The new Council of Ministers also highlights a new dynamic in Omani royal family politics. While Sultan Haitham retained Qaboos’ role as prime minister, there is no doubt that the two Deputy Prime Ministers, his older cousin Fahd bin Mahmoud Al Said and his full brother Shihab bin Tariq Al Said, are close to him and will likely play important roles. Last spring, Sultan Haitham created the new position of Deputy Prime Minister for Defense Affairs for Shihab bin Tariq. Deputy Prime Minister Shihab bin Tariq’s new role overseeing national defense coincided with the retirement of former Minister Responsible for Defense Affairs Badr bin Saud Al Busaidi and Ministry of Defense Secretary General Mohammed Al Rasbi. In the new Council of Ministers, there is no Minister of Defense.
It is worth noting that in 2017, Sultan Qaboos created the positions of Deputy Prime Minister for International Affairs and the Sultan’s personal representative for Haitham’s half-brother, As’ad bin Tariq Al Said, but he was not listed among the new Council of Ministers and it is unclear if he retains an official role. Nonetheless, As’ad’s son, Taimur bin As’ad Al Said, the former deputy head of the Research Council, was appointed by Sultan Haitham as Chairman of the Central Bank’s board of governors. It is also noteworthy that Sultan Haitham appointed his own son, Dhi Yazin bin Haitham, as Culture, Sports, and Youth Minister. Sultan Qaboos married only briefly and had no children. Sultan Haitham’s August 18 appointments demonstrate, among other things, the importance he places on family.
Despite the many interesting changes which I have highlighted, I anticipate considerable continuity from the new Council of Ministers.
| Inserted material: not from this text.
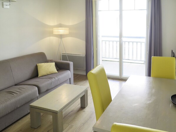 "Les Balcons de l’Océan", 1 rom leilighet 27 til 37 m2. Lys, koseligt møbler: stue/soverom med, 1 dobbel sovesoffa (160 cm), spisebord og TV. Sovealkove med 2 senger. Kjøkkenkrok (oppvaskmaskin, 2 keramiske kokeplater, kombinert mikrobølgeovn). Utgang til balkongen, til terrassen. Bad/WC. El-oppvarming. Balkong, eller terrasse. Fasiliteter: høy barnestol barneseng (ekstra). Vennligst merk: max kjæledyr/små hunder tillatt 2 kjæledyr/små hunder tillatt. Røykvarsler, brannslukkningsapparat. I stedet for et innelukket soverom befinner noen soveområder seg i et åpent område (galleri, alkove e.l.).

A number of key ministers retained their positions, including Diwan of the Royal Palace Minister, Khalid Al Busaidi, Royal Office Minister, General Sultan Al Nu’mani, and former Oil and Gas Minister, Mohamed Al Rumhi, who now heads the renamed Energy and Minerals Minister.
Regarding Oman’s foreign relations, Sultan Haitham has already declared his intention to follow Sultan Qaboos’ much praised policy of moderation and mediation, a strategy for which Foreign Minister Badr Al Busaidi is a highly articulate advocate. But the Gulf is surrounded by multiple challenges and conflicts, such as COVID-19 and low oil prices, the ongoing war in Yemen, unresolved tensions with Iran, the Qatar rift, and now the fast moving normalization between Israel and Oman’s ambitious neighbor, the United Arab Emirates, for which Muscat quickly declared its support. The upcoming US presidential election in November and the possibility of a new administration with a very different set of policies toward the region is also part of the mix. With these royal decrees, Sultan Haitham has put his own highly competent people in place, as Oman prepares to cope with the challenges of the days ahead.
Ambassador Marc J. Sievers is a nonresident senior fellow for Middle East Programs at the Atlantic Council. Ambassador Sievers retired in 2019 as a career member of the senior foreign service, having most recently served as US Ambassador to Oman from January 2016 until November 2019.